誠実に、高機能。エディー・バウアーのアウターは大人に欠かせない
90年代リバイバルの波も手伝い、再び脚光を浴びている『エディー・バウアー』。100年以上も愛され続け今なお輝きを放つ理由は、地に足のついた確かなモノ作りにあります。
100周年を迎えたアメリカブランドの良心、『エディー・バウアー』
2020年に100周年という記念すべき年を迎えた『エディー・バウアー』に、再びスポットライトが当たっていることをご存じでしょうか。90年代を席巻したアウトドアブランドが次々と再浮上している昨今の流れも当然受けてのことですが、アニーバーサリーイヤーを祝う記念モデルがドロップされ、カニエ・ウエスト一派のジャスティン・サンダース氏率いる『ジョウンド』とのコラボが実現するなど、話題性にも事欠きません。要は、ここにきてファッションブランドとしてのステータスが上昇傾向にあるわけです。しかし、同社の真骨頂はやはり創業以来積み重ねてきたモノ作りに対する信頼性の高さにあります。そのバックボーンと真価をおさらいしておけば、久しぶりに袖を通すときの高揚感もひとしおでしょう。
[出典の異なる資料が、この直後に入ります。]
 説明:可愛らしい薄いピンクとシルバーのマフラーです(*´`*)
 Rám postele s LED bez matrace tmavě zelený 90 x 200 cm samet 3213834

高品質な製品を誠実なモノ作りで世に送り出してきた『エディー・バウアー』
『エディー・バウアー』の100年に及ぶ歴史を紐解いてみると、アメリカのアウトドア史とともに歩んできたブランドであることがよくわかります。シアトル近郊のオスカル島で創業したのは1920年のこと。創業者のエディー・バウアー氏自身がアウトドアをこよなく愛した人物で、彼の実体験から作られたとある製品が社運を大きく変え、急成長を遂げるきっかけになったというのは有名な話。真冬に友人と釣りに出かけたバウアー氏は、当時主流だったウールのアウターが濡れてしまったことが原因で低体温症となり、凍死寸前の危険な状況に陥ります。その体験から最高の防寒着を作ることを決意し、開発したのが、羽毛を中綿として採用したキルティング仕様のダウンジャケットでした。これが皆さんもよくご存じ「スカイライナー」。同アイテムは、アメリカ初のダウンジャケットとして特許も取得しています。そして、1942年にはエクスペディション・アウトフィッター部門を設立し、冒険家やパイロットの相棒となる数々のエポックメイキングな製品を生み出していくことになります。
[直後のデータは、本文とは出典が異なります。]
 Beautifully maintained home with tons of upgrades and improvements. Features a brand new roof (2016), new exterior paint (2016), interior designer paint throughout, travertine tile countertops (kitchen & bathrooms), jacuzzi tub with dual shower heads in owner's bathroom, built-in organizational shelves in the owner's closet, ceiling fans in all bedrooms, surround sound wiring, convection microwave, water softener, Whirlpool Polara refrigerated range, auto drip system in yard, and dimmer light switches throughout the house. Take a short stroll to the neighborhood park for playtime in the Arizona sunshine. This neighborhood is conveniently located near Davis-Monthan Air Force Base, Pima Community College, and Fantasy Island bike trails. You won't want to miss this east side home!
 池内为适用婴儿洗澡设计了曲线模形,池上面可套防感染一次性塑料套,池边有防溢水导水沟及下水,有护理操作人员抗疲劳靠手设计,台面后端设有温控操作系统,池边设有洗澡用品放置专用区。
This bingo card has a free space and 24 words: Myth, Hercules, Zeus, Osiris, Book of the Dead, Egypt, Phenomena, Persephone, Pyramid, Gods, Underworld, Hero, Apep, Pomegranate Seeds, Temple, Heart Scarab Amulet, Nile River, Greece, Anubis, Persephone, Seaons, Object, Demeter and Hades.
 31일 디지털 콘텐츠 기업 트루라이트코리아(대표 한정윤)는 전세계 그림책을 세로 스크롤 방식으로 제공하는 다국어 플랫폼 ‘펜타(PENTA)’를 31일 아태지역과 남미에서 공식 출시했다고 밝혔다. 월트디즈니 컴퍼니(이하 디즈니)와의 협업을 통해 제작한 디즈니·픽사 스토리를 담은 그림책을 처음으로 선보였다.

「スカイライナー」により一躍有名になったことでダウンの代名詞として認知されるようになった同社は、極地探検隊や登山隊に支給するウェアの開発にも着手。1953年に「カラコルムパーカー」というダウンジャケットを支給したヒマラヤ遠征隊を筆頭に、1957年の南極科学探検隊、1963年にアメリカ初のエベレスト登頂を成し遂げた登山隊など、サポートしてきた登山隊には枚挙にいとまがありません。その一方で、米軍パイロットの支給品も手掛け、「B-9ボンバージャケット」や「A-8フライトパンツ」を供給してきた実績もあります。
『エディー・バウアー』の歴史を切り開いてきた、3つの代表モデル
アメリカのアウトドア史・冒険史と並走してきた『エディー・バウアー』ですが、その軌跡は名品として愛され続けているアウターからも垣間見ることができます。築き上げた伝統を現代に受け継ぐ、数々のマスターピースを見てみましょう。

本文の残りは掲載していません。